M. O. Way said new technology is available to help manage some of rice producers’ most damaging insect pests.

“CruiserMaxx and Dermacor X-100 have Section 3 labels for rice,” Way said. “Nipsit INSIDE likely will have a Section 3 label on rice within two years. An EUP for Nipsit INSIDE was approved in Texas for 2011. All three new technologies are being evaluated in Texas for control of an array of pests including the rice water weevil, a key pest of rice in Texas.”

Way said a 2010 seeding rate study with Dermacor X-100 applied to Cocodrie seed at 1.75 fluid ounces per hundredweight with seeding rates of 60, 90 and 120 pounds per acre resulted in excellent rice water weevil control. “Yield increases were 888, 993, and 1,100 pounds per acre, respectively,” Way said.

He said Cruiser 5FS, “the insecticidal component of CruiserMaxx,” applied to Cocodrie seed at 3.3 fluid ounces per hundredweight, also provided excellent control of rice water weevil when seed was planted at 90 pounds per acre in the same study.

He said increased yield from the Cruiser 5FS treatment was 1,183 pounds per acre. A separate Nipsit INSIDE study, applied as a seed treatment to Cocodrie at 3.3 fluid ounces per hundredweight, “provided excellent control of rice water weevil with 1,048 pounds per acre yield advantage compared to untreated seed.”

Way said a long-horned grasshopper control study with Tenchu at 8 ounces per acre resulted in 95 percent mortality. “We’re working on a Section 18 for Tenchu,” he said.

Sheath blight

Young-Ki said proper cultural practices may not always provide acceptable control of sheath blight, the most common and most economically important disease in Texas rice production.

“Disease pressure can be alleviated to a certain level by integrating management practices including crop rotation and use of resistant varieties.” But that may not be enough to “guarantee yield protection from disease outbreaks under hot and humid conditions,” he said.

Fungicide application may be necessary to manage sheath blight in both the main and the ratoon crop, Young-Ki said.

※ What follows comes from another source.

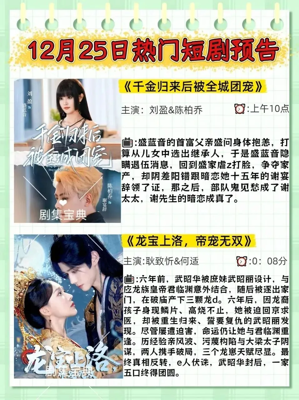 12月25日热门短剧推荐预告!

He said a fungicide program study evaluated 12 treatments on Cocodrie rice. “Sheath blight was promoted with additional inoculation of Rhizoctonia solani.”

Results showed a tank mixture of strobilurin and trizole fungicide as the best control option in the main crop and with significantly less disease severity in the ratoon crop. Yield also increased.

“Disease severity in the main crop directly affected rice stand densities and yields in the ratoon crop,” Young-Ki said. “Keeping sheath blight at a low level on the main crop by appropriate use of fungicides is critical to successful ratoon crop production.”